### [EXTRACTED DATA]
┌──

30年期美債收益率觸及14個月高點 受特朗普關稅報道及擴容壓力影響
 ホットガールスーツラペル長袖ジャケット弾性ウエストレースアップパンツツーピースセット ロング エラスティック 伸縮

└──
┌──

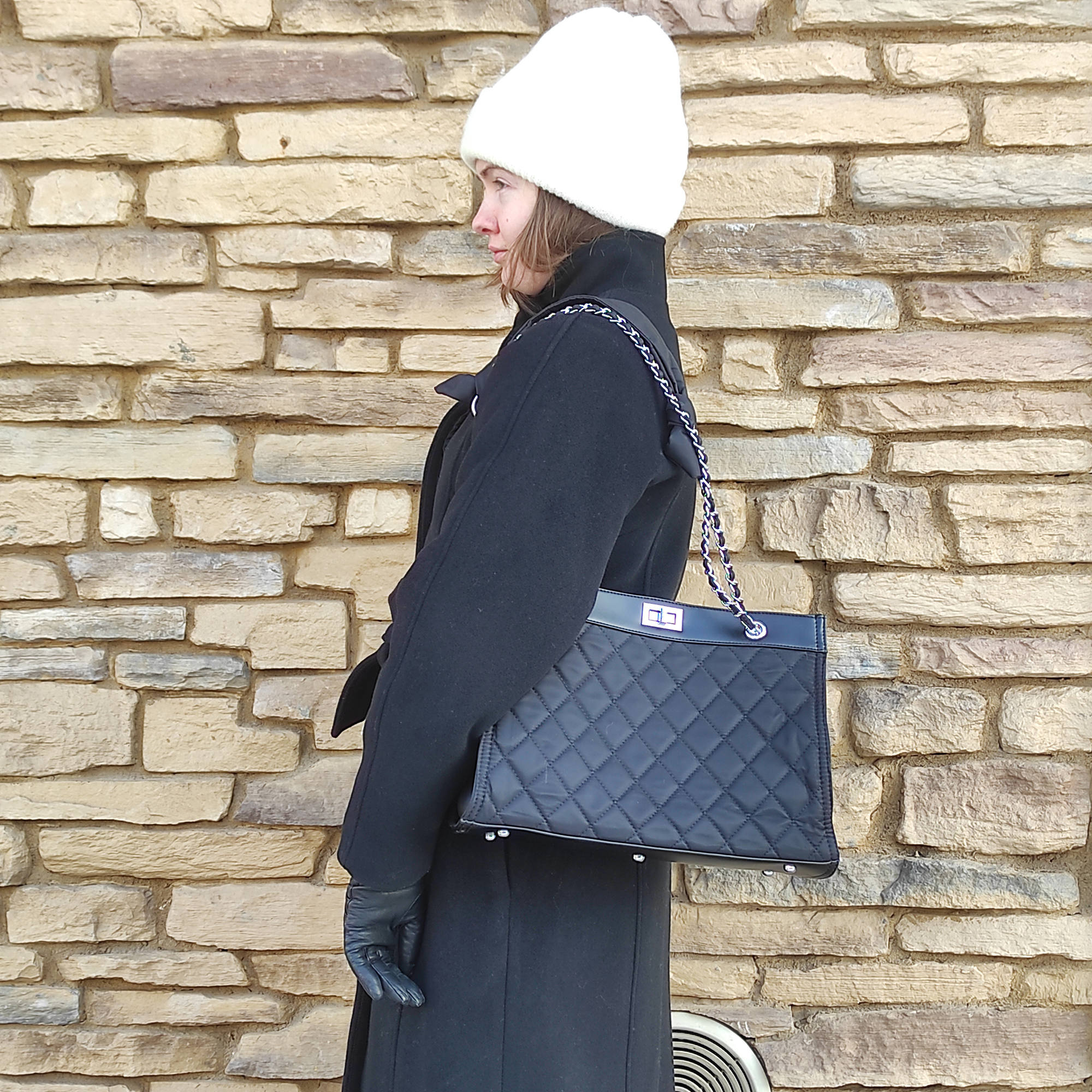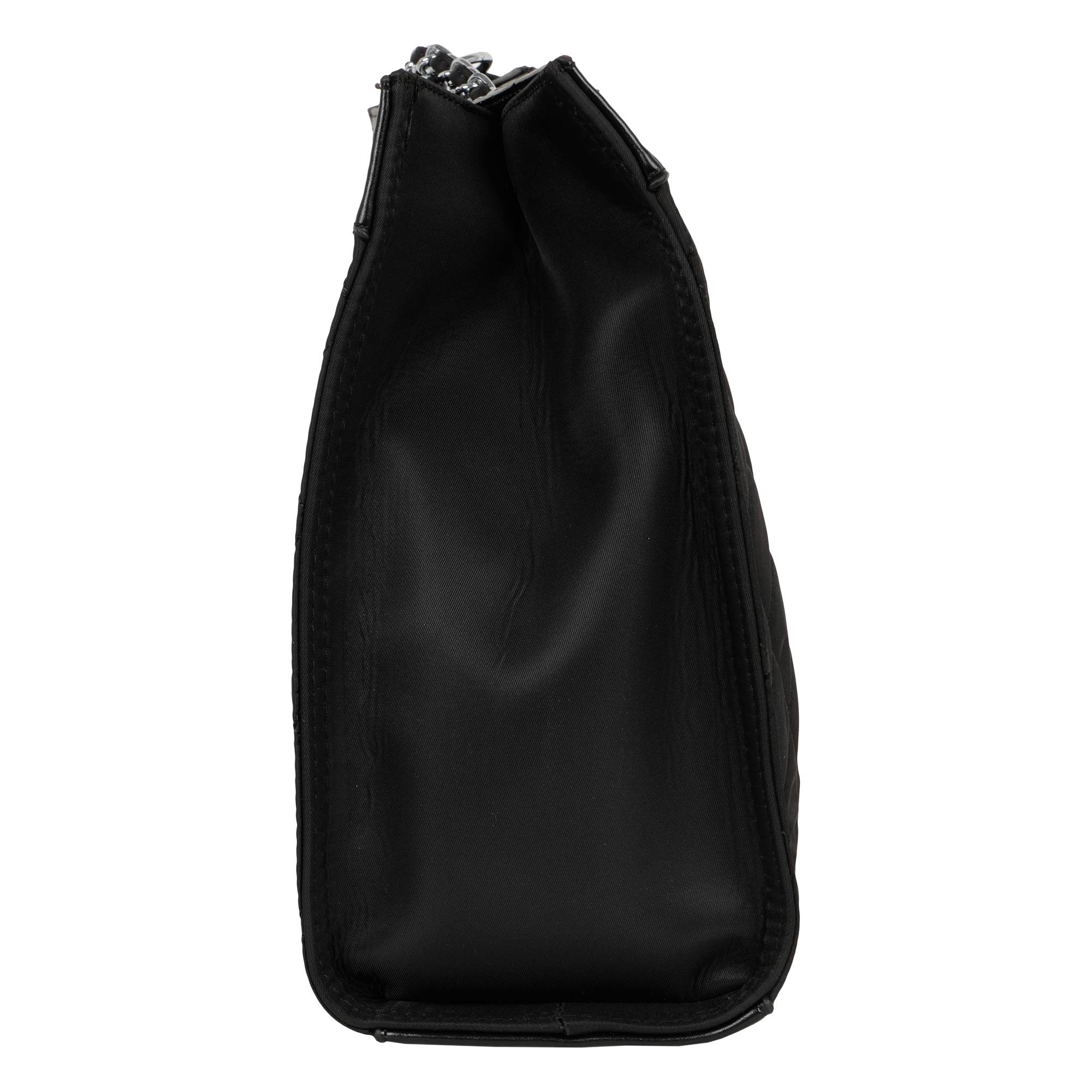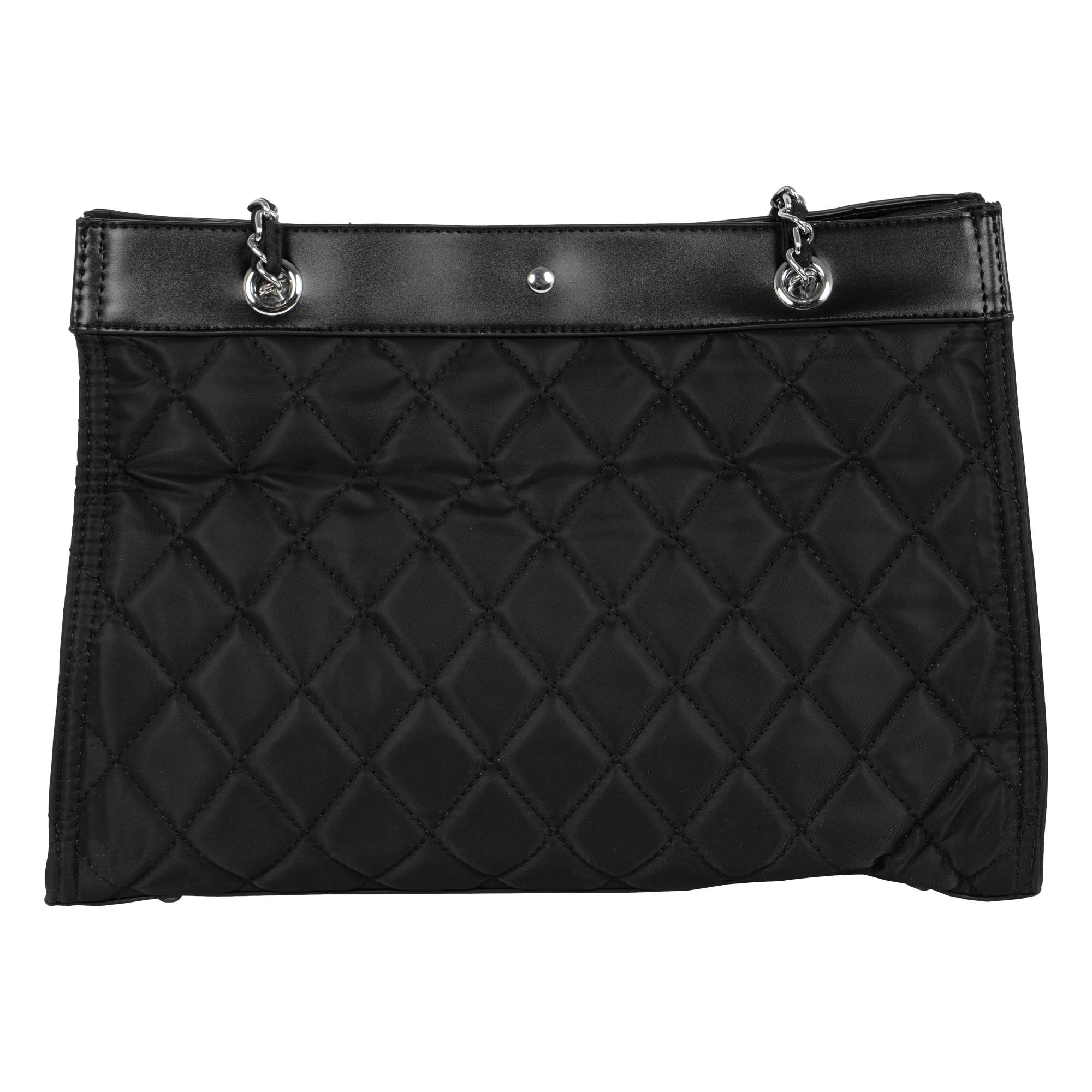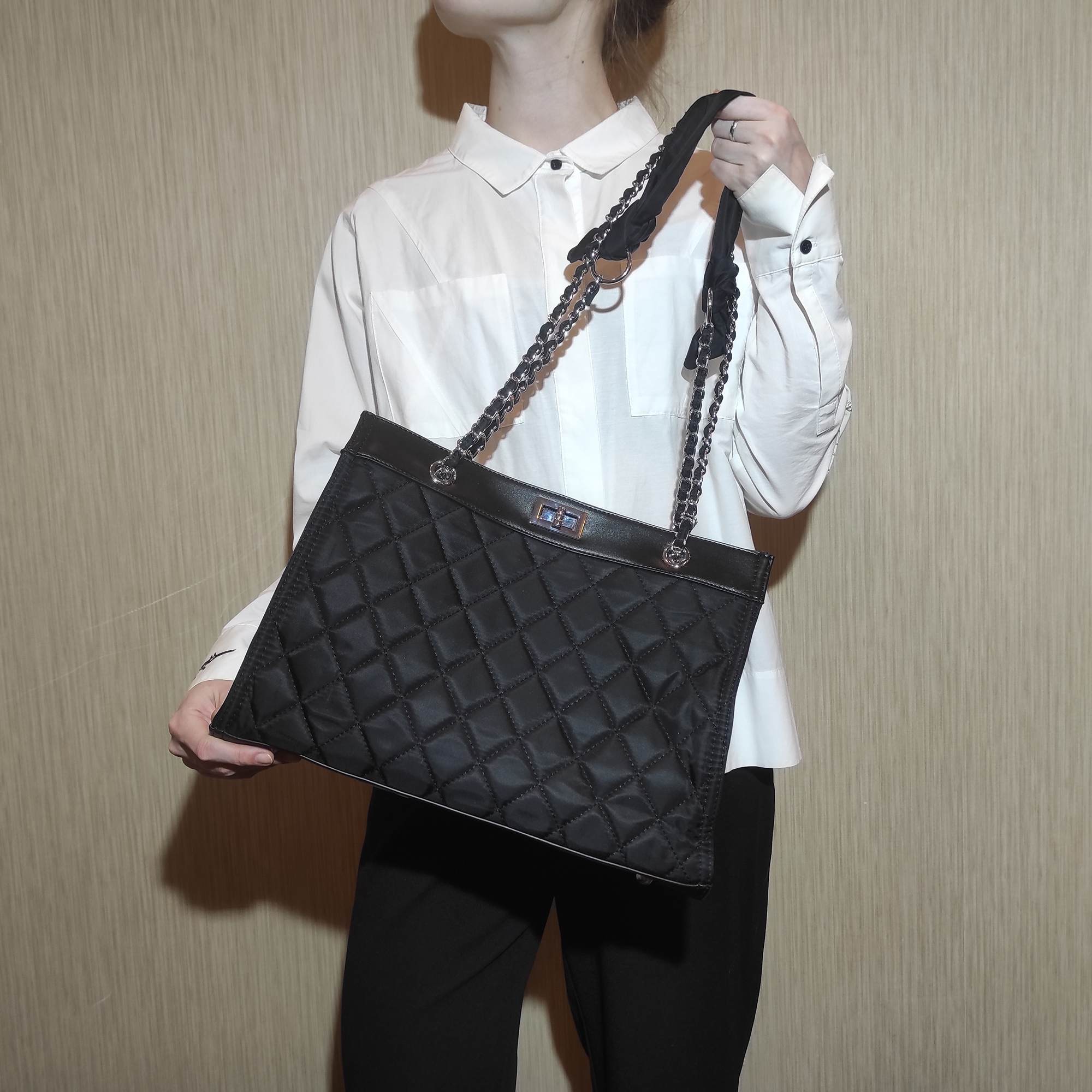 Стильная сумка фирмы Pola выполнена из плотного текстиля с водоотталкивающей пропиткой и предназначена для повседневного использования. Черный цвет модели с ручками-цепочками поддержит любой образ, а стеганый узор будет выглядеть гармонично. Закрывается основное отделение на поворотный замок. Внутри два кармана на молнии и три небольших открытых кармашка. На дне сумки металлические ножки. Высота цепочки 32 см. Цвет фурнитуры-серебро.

└──
┌──

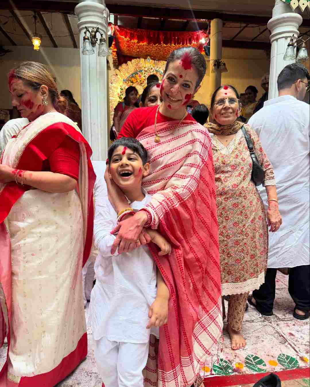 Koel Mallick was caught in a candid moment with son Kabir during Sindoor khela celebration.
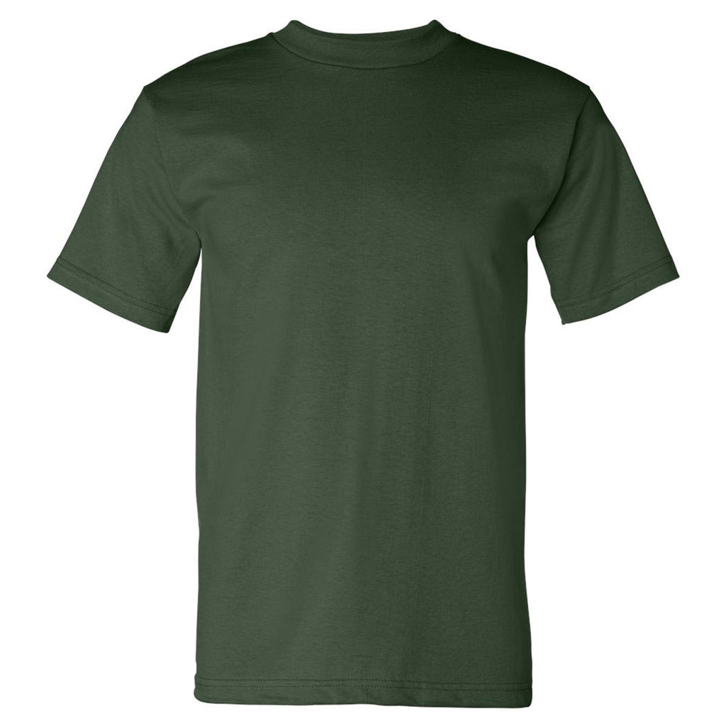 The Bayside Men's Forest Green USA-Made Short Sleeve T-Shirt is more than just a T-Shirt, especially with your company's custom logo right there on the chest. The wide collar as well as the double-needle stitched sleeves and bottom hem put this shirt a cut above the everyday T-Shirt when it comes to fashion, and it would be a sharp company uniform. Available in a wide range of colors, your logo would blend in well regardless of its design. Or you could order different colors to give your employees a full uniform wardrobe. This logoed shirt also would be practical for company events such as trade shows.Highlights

└──

### [WHAT IS BEING ASKED]
When copying from the data above, begin at the line containing "Koel Mallick was" and end at the line containing "The Bayside Men's"; return those lines exactly and leave all pictures behind.

### [THE COMPLETED TASK]
 Koel Mallick was caught in a candid moment with son Kabir during Sindoor khela celebration.
 The Bayside Men's Forest Green USA-Made Short Sleeve T-Shirt is more than just a T-Shirt, especially with your company's custom logo right there on the chest. The wide collar as well as the double-needle stitched sleeves and bottom hem put this shirt a cut above the everyday T-Shirt when it comes to fashion, and it would be a sharp company uniform. Available in a wide range of colors, your logo would blend in well regardless of its design. Or you could order different colors to give your employees a full uniform wardrobe. This logoed shirt also would be practical for company events such as trade shows.Highlights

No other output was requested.